* **TASK BRIEF**:
Lines with the word "bairro" are the answer; copy each of them from the data below.

____

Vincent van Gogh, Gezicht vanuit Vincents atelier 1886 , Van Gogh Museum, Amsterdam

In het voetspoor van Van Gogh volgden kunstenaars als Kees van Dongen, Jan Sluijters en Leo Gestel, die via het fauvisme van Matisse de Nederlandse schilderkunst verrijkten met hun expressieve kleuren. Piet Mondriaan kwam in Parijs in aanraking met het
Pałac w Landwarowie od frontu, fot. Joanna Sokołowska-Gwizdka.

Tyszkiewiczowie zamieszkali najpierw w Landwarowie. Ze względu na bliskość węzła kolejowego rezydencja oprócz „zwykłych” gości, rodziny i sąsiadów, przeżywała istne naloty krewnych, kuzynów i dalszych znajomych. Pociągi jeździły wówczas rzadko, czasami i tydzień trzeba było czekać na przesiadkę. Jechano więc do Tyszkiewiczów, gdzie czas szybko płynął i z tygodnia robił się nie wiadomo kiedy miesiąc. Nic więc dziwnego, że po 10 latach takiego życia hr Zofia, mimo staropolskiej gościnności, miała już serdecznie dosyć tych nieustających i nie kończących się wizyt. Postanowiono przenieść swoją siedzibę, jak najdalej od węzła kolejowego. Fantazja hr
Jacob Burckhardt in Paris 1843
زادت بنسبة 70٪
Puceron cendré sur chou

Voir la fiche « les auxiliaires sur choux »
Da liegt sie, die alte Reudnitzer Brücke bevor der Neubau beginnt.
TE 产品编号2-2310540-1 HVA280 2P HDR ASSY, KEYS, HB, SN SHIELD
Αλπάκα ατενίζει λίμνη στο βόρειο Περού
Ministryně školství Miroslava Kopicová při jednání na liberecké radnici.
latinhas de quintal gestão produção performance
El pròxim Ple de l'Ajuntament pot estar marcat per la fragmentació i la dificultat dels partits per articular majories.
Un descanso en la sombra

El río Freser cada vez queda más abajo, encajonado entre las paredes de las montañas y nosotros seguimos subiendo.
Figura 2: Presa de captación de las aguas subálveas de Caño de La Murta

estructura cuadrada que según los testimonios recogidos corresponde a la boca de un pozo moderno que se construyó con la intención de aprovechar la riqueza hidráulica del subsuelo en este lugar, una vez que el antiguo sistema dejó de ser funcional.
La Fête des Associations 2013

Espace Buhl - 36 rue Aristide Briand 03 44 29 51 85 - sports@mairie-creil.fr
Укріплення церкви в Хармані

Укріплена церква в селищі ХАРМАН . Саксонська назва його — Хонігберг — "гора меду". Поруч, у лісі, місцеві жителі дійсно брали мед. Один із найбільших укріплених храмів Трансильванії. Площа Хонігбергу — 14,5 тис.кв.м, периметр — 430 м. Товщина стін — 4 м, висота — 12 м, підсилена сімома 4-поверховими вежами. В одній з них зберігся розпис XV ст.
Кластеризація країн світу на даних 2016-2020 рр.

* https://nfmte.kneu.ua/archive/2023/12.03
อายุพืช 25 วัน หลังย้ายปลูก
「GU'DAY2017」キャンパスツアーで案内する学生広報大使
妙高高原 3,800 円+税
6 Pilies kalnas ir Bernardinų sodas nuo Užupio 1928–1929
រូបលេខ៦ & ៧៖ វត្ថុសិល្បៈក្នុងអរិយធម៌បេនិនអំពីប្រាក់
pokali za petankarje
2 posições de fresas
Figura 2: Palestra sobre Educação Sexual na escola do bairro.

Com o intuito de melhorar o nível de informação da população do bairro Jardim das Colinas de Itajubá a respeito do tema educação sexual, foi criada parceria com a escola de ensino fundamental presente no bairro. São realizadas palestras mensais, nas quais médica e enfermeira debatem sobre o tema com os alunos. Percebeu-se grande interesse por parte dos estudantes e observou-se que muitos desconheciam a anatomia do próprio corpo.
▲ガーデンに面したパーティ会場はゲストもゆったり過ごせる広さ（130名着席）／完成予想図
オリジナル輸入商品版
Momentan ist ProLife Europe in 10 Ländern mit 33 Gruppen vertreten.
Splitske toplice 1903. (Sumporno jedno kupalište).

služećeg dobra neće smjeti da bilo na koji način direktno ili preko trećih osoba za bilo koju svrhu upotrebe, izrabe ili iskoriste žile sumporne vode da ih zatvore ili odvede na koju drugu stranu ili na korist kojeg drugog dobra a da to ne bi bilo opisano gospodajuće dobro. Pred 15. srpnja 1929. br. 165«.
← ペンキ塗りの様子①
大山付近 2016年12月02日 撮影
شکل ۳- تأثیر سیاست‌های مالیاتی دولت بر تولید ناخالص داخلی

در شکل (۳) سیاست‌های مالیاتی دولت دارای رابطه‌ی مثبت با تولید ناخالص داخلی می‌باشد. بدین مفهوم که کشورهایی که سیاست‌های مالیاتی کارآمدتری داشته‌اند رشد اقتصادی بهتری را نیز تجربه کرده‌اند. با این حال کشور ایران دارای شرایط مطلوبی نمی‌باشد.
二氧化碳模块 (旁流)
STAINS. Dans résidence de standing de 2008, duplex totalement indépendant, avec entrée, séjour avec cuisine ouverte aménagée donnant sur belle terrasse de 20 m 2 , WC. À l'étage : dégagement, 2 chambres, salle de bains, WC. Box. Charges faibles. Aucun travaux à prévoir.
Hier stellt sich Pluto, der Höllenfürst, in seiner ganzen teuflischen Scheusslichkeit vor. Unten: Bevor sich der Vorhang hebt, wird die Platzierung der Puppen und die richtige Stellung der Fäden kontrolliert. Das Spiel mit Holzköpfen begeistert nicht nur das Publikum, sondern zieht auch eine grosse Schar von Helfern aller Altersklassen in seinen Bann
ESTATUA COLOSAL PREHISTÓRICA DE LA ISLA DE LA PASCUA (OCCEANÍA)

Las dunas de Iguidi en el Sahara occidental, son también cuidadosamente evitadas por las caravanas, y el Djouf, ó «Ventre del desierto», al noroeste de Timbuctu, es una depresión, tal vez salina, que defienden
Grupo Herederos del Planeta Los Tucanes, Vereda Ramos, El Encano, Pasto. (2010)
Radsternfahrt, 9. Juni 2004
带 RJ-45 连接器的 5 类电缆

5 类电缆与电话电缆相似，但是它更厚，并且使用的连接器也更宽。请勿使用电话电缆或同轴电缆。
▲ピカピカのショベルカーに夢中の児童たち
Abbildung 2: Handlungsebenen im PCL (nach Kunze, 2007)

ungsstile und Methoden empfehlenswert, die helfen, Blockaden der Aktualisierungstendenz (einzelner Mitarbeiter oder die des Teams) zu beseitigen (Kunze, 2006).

____

* **RESULT FOR THIS TASK**:
Figura 2: Palestra sobre Educação Sexual na escola do bairro.
Com o intuito de melhorar o nível de informação da população do bairro Jardim das Colinas de Itajubá a respeito do tema educação sexual, foi criada parceria com a escola de ensino fundamental presente no bairro. São realizadas palestras mensais, nas quais médica e enfermeira debatem sobre o tema com os alunos. Percebeu-se grande interesse por parte dos estudantes e observou-se que muitos desconheciam a anatomia do próprio corpo.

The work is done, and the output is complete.